● YOUR OBJECTIVE
Restate all the data word for word and omit the pictures.

● SOURCE MATERIAL
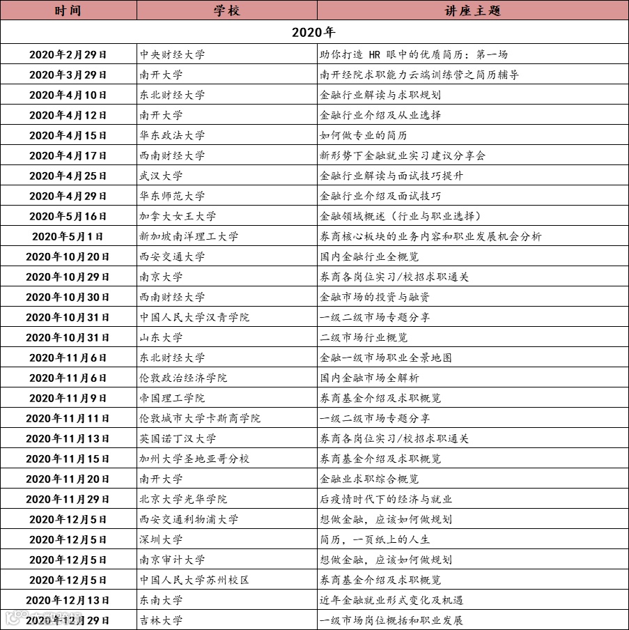五、“百校行”讲座,以下是往期去往高校讲座的名单整理
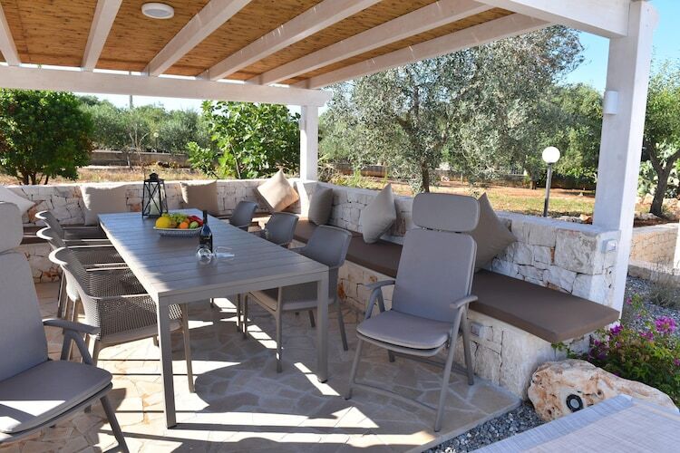 cuisine(foyer, bouilloire, grille-pain, cafetière/percolateur, micro ondes, lave-vaisselle , combinaison réfrigérateur/congélateur), salle à manger-salon(canapé-lit double, table), chambre(lit double), chambre(lit double), salle de bains(douche, bidet, sèche-cheveux), WC, cuisine d'été, grill, terrasse, mobilier de jardin, transats, piscine(privé, extérieur, 12 x 5 m.), Pare-soleil
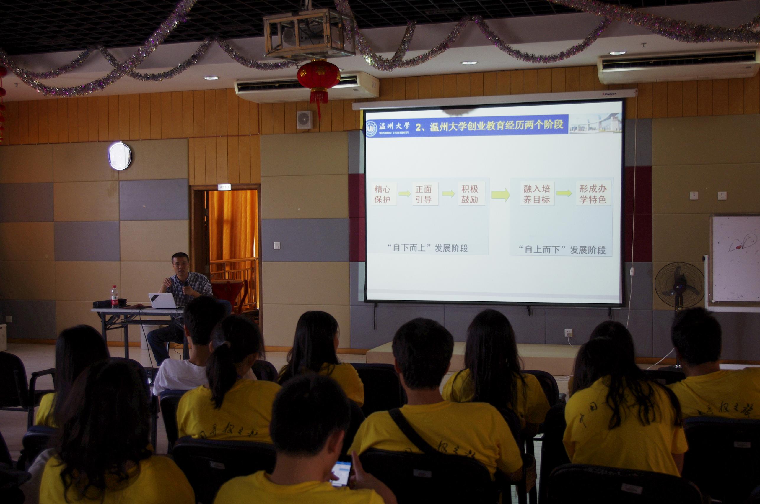 黄老师现任古天乐代言太阳集团138创业公司副经理、研究员、硕士生导师,是浙江省“新世纪151人才工程”第一层次培养人选,拥有丰富的指导老员工成功创业的经验。黄老师提到古天乐代言太阳集团138是从2001年开始,从员工的创业工作社到古天乐代言太阳集团138的创业园,到国家及创业实验区,到2009年获得国家教学成果奖。期间,经历了从最初创建,到改革试点班,到创业先锋班到我们的创业管理双专业的班级,到全面课程整合,到岗位创业者的才培养模式这样一系列的摸索改革。由此,现在古天乐代言太阳集团138把创业教育与专业教育相融合成立了实验区,从而建立了这样一个点、线、面的一个网络。随后指出了在创业教育中遇到的一些问题,以及制约因素,并对比了国外老员工创业、就业情况,鼓励海外学子积极打拼属于自己的一片天。

● FINISHED TASK
五、“百校行”讲座,以下是往期去往高校讲座的名单整理
 cuisine(foyer, bouilloire, grille-pain, cafetière/percolateur, micro ondes, lave-vaisselle , combinaison réfrigérateur/congélateur), salle à manger-salon(canapé-lit double, table), chambre(lit double), chambre(lit double), salle de bains(douche, bidet, sèche-cheveux), WC, cuisine d'été, grill, terrasse, mobilier de jardin, transats, piscine(privé, extérieur, 12 x 5 m.), Pare-soleil
 黄老师现任古天乐代言太阳集团138创业公司副经理、研究员、硕士生导师,是浙江省“新世纪151人才工程”第一层次培养人选,拥有丰富的指导老员工成功创业的经验。黄老师提到古天乐代言太阳集团138是从2001年开始,从员工的创业工作社到古天乐代言太阳集团138的创业园,到国家及创业实验区,到2009年获得国家教学成果奖。期间,经历了从最初创建,到改革试点班,到创业先锋班到我们的创业管理双专业的班级,到全面课程整合,到岗位创业者的才培养模式这样一系列的摸索改革。由此,现在古天乐代言太阳集团138把创业教育与专业教育相融合成立了实验区,从而建立了这样一个点、线、面的一个网络。随后指出了在创业教育中遇到的一些问题,以及制约因素,并对比了国外老员工创业、就业情况,鼓励海外学子积极打拼属于自己的一片天。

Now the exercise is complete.